The Court of Appeals' rule to the contrary fails to take account of the dynamics of federal sentencing. In a significant number of cases the sentenced defendant will lack the additional evidence the Court of Appeals' rule would require, for sentencing judges often say little about the degree to which the Guidelines influenced their determination. District courts, as a matter of course, use the Guidelines range to instruct them regarding the appropriate balance of the relevant federal sentencing factors. This Court has told judges that they need not provide extensive explanations for within-Guidelines sentences because "[c]ircumstances may well make clear that the judge rests his decision upon the Commission's own reasoning." Rita, 551 U.S., at 356–357, 127 S.Ct. 2456. In these situations, reviewing courts may presume that a sentence imposed within a properly calculated Guidelines range is reasonable. Id., at 341, 127 S.Ct. 2456. As a result, the cases where the Guidelines are most likely to have influenced the district court's sentencing decision—those where the court chose a sentence within what it believed to be the applicable Guidelines range—are also the cases least likely to provide the defendant with evidence of the Guidelines' influence beyond the sentence itself. The defendants in these cases should not be prevented by a categorical rule from establishing on appeal that there is a reasonable probability the Guidelines range applied by the sentencing court had an effect on their within-Guidelines sentence.

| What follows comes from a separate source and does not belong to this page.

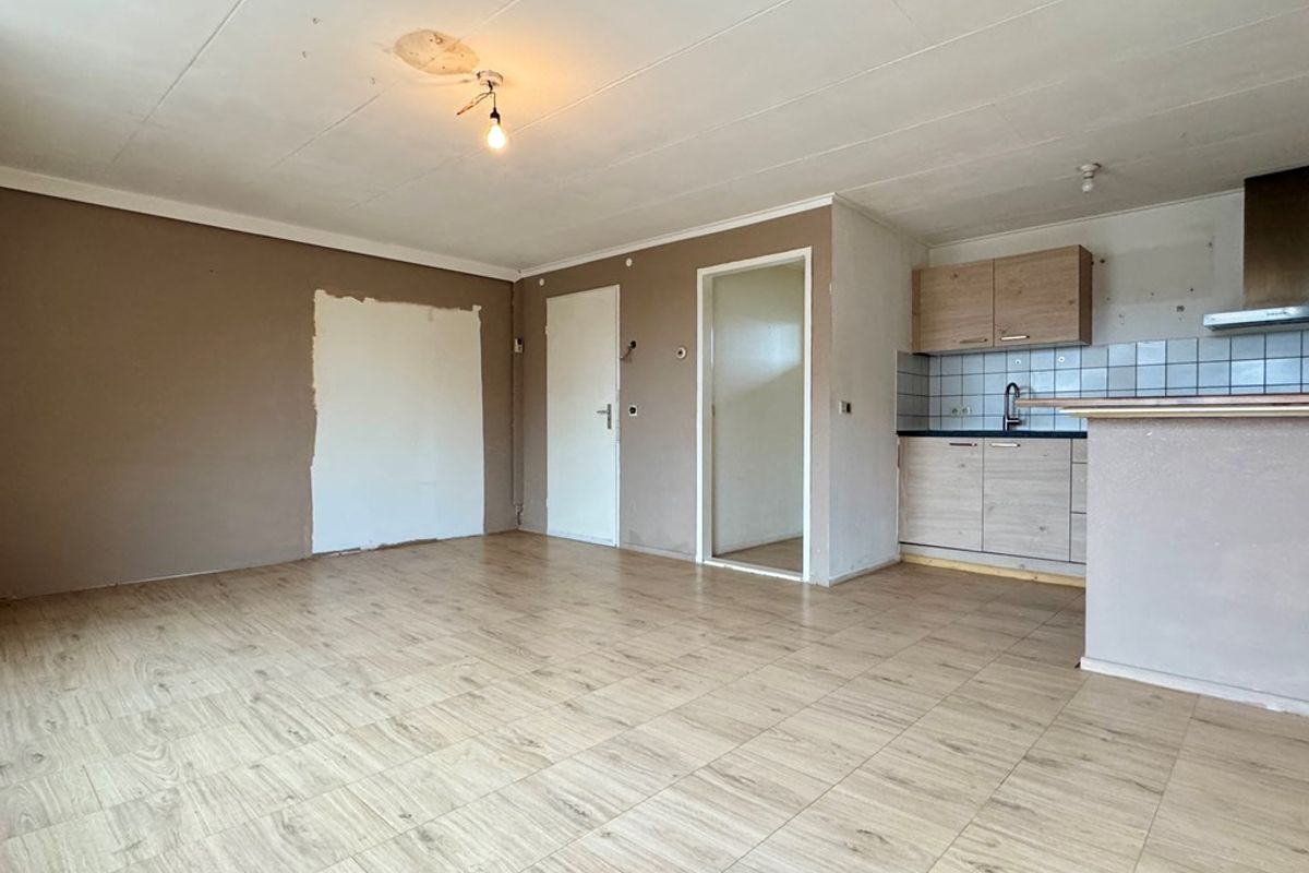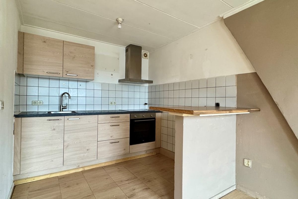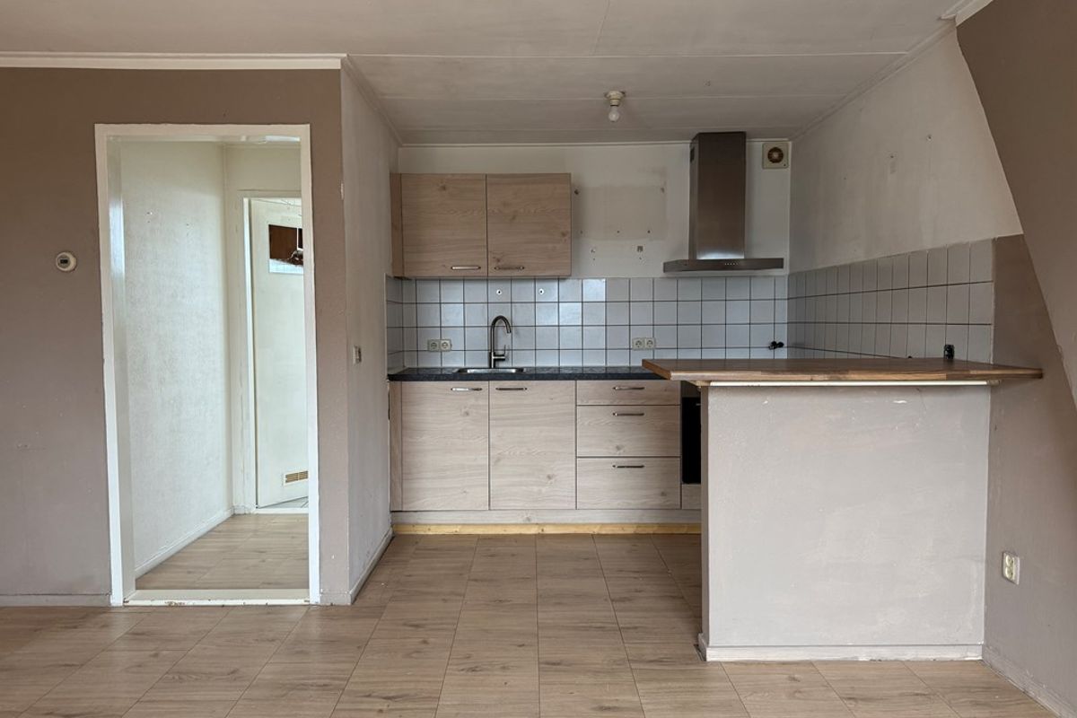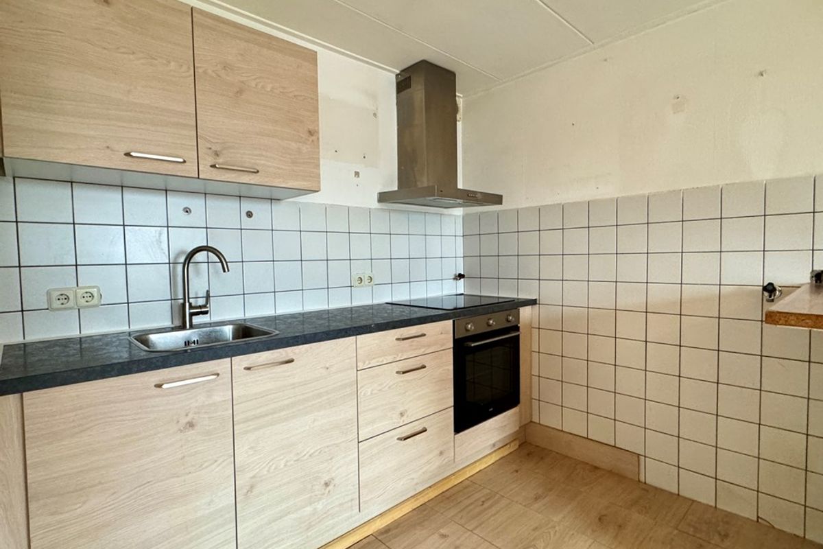 - Open keuken met laminaatvloer en nette standaard inrichting voorzien van inductie kookplaat, oven en aansluiting wasmachine.

This case illustrates the unworkable nature of the Court of Appeals' additional evidence rule. Here the court held that Molina–Martinez could not establish an effect on his substantial rights. Yet the record points to a different conclusion. The District Court said nothing specific about why it chose the sentence it imposed. It merely "adopt[ed] the ... guideline applications in the presentence investigation report," App. 33, which set the range at 77 to 96 months; rejected the Government's argument for a sentence at the top of the Guidelines range; and agreed with the defendant's request for, and the Probation Office's recommendation of, a sentence at the bottom of the range. As intended, the Guidelines served as the starting point for the sentencing and were the focal point for the proceedings that followed.
The 77–month sentence the District Court selected is conspicuous for its position as the lowest sentence within what the District Court believed to be the applicable range. As Molina–Martinez explained to the Court of Appeals, the District Court's selection of a sentence at the bottom of the range, despite the Government's request for the maximum Guidelines sentence, "evinced an intention ... to give the minimum recommended by the Guidelines." Brief for Appellant in No. 13–40324(CA5), p. 18. The District Court said nothing to suggest that it would have imposed a 77–month sentence regardless of the Guidelines range. Given these circumstances, there is at least a reasonable probability that the District Court would have imposed a different sentence had it known that 70 months was in fact the lowest sentence the Commission deemed appropriate.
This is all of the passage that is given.